===== Provided records

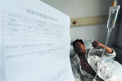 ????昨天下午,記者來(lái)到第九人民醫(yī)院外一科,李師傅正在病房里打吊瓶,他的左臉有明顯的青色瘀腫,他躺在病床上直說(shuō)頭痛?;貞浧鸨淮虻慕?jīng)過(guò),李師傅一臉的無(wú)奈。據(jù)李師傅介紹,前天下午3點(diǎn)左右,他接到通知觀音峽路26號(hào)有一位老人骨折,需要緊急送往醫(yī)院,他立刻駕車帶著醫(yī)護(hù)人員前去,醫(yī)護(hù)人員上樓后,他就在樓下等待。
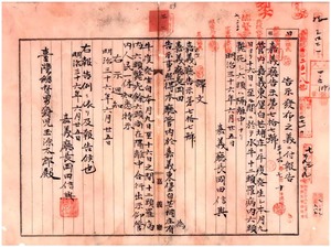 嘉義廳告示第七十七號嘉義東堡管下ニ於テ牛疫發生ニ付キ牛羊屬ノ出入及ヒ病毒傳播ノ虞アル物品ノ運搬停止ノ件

==========
===== Provided records

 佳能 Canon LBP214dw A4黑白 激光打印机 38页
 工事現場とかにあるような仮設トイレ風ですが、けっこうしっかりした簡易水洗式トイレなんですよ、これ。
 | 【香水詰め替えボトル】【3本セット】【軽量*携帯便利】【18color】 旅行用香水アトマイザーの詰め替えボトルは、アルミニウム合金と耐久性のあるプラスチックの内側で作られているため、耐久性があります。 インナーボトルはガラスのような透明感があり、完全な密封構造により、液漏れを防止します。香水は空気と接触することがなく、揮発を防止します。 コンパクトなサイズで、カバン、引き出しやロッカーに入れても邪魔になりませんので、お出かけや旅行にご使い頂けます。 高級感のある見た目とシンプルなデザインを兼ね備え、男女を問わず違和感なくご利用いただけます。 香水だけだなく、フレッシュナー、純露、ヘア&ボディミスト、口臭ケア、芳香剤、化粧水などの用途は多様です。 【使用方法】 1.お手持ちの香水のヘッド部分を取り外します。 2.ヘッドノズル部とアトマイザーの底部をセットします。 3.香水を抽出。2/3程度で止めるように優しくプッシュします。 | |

==========

» What you have to do
From the records above, quote only the lines running from the line with "佳能 Canon LBP214dw A4黑白 激光打印机 38页" to the line with "3.香水を抽出。2/3程度で止めるように優しくプッシュします。 | |", both lines included.

» Written answer
 佳能 Canon LBP214dw A4黑白 激光打印机 38页
 工事現場とかにあるような仮設トイレ風ですが、けっこうしっかりした簡易水洗式トイレなんですよ、これ。
 | 【香水詰め替えボトル】【3本セット】【軽量*携帯便利】【18color】 旅行用香水アトマイザーの詰め替えボトルは、アルミニウム合金と耐久性のあるプラスチックの内側で作られているため、耐久性があります。 インナーボトルはガラスのような透明感があり、完全な密封構造により、液漏れを防止します。香水は空気と接触することがなく、揮発を防止します。 コンパクトなサイズで、カバン、引き出しやロッカーに入れても邪魔になりませんので、お出かけや旅行にご使い頂けます。 高級感のある見た目とシンプルなデザインを兼ね備え、男女を問わず違和感なくご利用いただけます。 香水だけだなく、フレッシュナー、純露、ヘア&ボディミスト、口臭ケア、芳香剤、化粧水などの用途は多様です。 【使用方法】 1.お手持ちの香水のヘッド部分を取り外します。 2.ヘッドノズル部とアトマイザーの底部をセットします。 3.香水を抽出。2/3程度で止めるように優しくプッシュします。 | |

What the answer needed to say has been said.